Tovino Thomas and Samyuktha Menon in <em>Edakkad Battalion 06</em>
Tovino Thomas and Samyuktha Menon in Edakkad Battalion 06

It's impossible to look beyond the film's dullness. The second you notice the setup for a scene, you not only sense what's happening but you're also able to foresee what's going to happen in the scenes that follow. To be fair, you can still make an "uneventful" film engaging through mood, texture, detailing, performances and the characters, like we saw recently in Thaneermathan Dinangal. But there's none of that in Edakkad Battalion. In fact, Tovino's character is so one-dimensional and perfect that if he were to wear a crumpled shirt, it would automatically get ironed.

As the film progresses, it gets even more sluggish, and you realise how a more able director could have finished saying the same story in half the time. Conflicts feel like anthills and the film has a way of looking at its antagonists merely as a group of "freakans", never backing them with any kind of writing or depth. The heroine too gets no role apart being a part of the most cliched Muslim marriage song ever, which is then followed up with the most cliched Ladakh song ever. The supporting cast too behaves more like caricatures than people.
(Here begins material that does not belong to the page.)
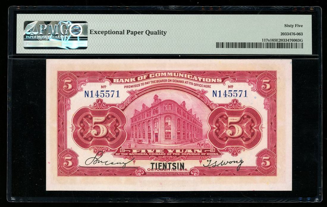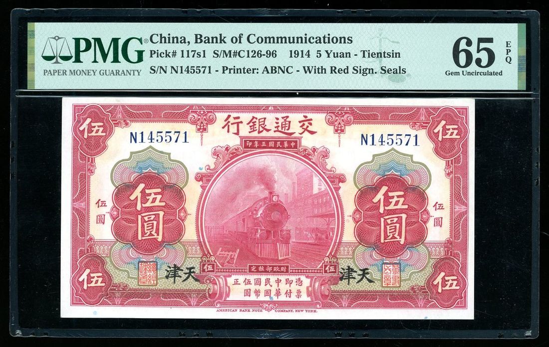 Bank of Communications, China, 5 yuan, Year 3 (1914), Tientsin, serial number N145571, (Pick 117s1), PMG 65EPQ

Yet what's most surprising is that a group of people behind this film must have thought that the one thing that was lacking in Malayalam cinema were stories about the Indian Army and Army officers. The makers must have thought that in Swapnesh, they had found a director who could tell a story of patriotism, albeit within the limitations of a small family drama. In other words, the makers must have thought that they'd discovered their own 'Minor Ravi'.